The negotiation process should be approached on the basis that certain restrictions are appropriate. However, there is a need to find a balance between the operator's need for such restrictions and the owner's desire to maximise sale price.
Therefore, we should understand the need for each restriction the operator seeks and attempt to ensure that any restriction is no more onerous than necessary in each particular situation.
Previously, an owner's capital expenditure obligations were to maintain the hotel to the level usually expected of a hotel of the same star rating as the hotel in question.
It was generally accepted that this was a very imprecise standard and did not really achieve the requisite goal of ensuring that all hotels operated by a particular operator with respect to a particular brand had the same standard.
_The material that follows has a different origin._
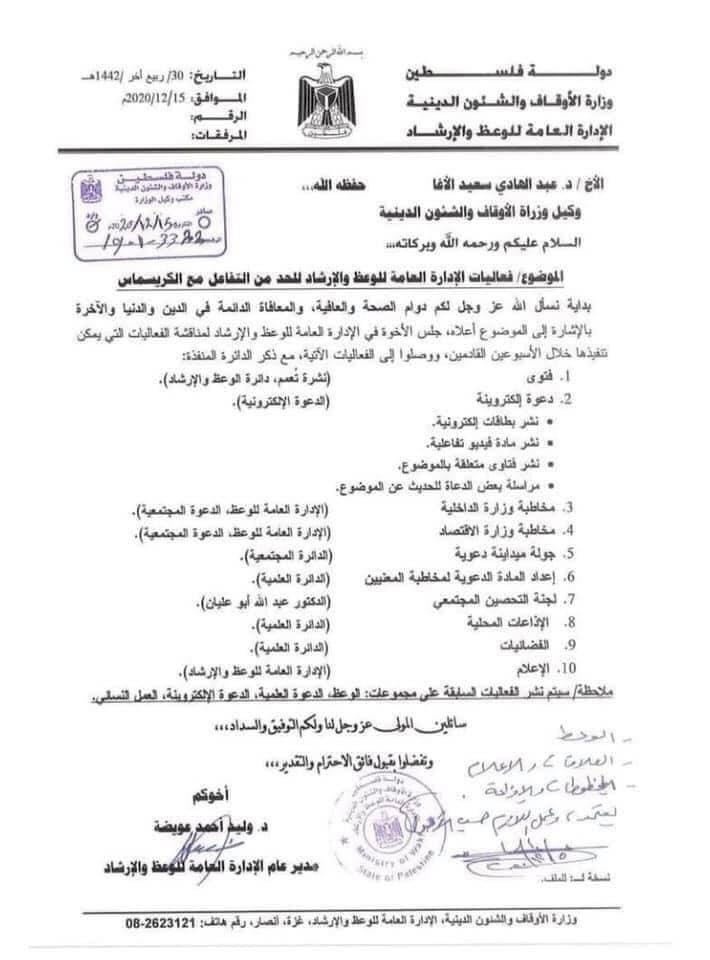 وأثار بيان صادر عن "الإدارة العامة للوعظ والإرشاد" التابعة لوزارة الأوقاف في غزة الجدل، بسبب دعوته إلى تنظيم العديد من الفعاليات للحد من "التفاعل مع الكريسماس"، تشمل إصداره ونشر فتوى ونشر مواد إعلامية بهذا الخصوص.

Now, most hotel management agreements tie the owner's capital expenditure requirement to the operator's brand standards. This however runs into difficulties in practice. For a significant number of brands, the relevant brand standards are imprecise.
In a number of instances, there is no ready book or brochure which sets out the brand standards in enough detail to support the contractual obligations that a number of hotel management agreements impose or allow an owner to understand what impact the brand standard benchmark will have for the item.
In particular, it is generally stated that the owner will comply with the brand standards at all times and, in some instances; there is a specific termination provision available to the operator if the brand standards are not complied with.
If such provisions are strictly enforced, this imposes harsh consequences on owners.
Once again the challenge is to find the balance between the operator's desire to achieve uniformity across all hotels branded the same and prudent management of FF&E and capital expenditure programmes.
Also, all markets are not the same and a requirement that makes perfect sense in one market may not be appropriate in another.
Hotel management agreements are such a key component of deal execution, that operators who can delivery plain English, shorter form, and commercially reasonable agreements, and do so quickly, have significant competitive advantage over operators with lengthy agreements subject to approval at a higher level.
Overall, there is a need for owners and operators alike to explore whether and/or what improvement can be made to hotel management agreements by way of research and development.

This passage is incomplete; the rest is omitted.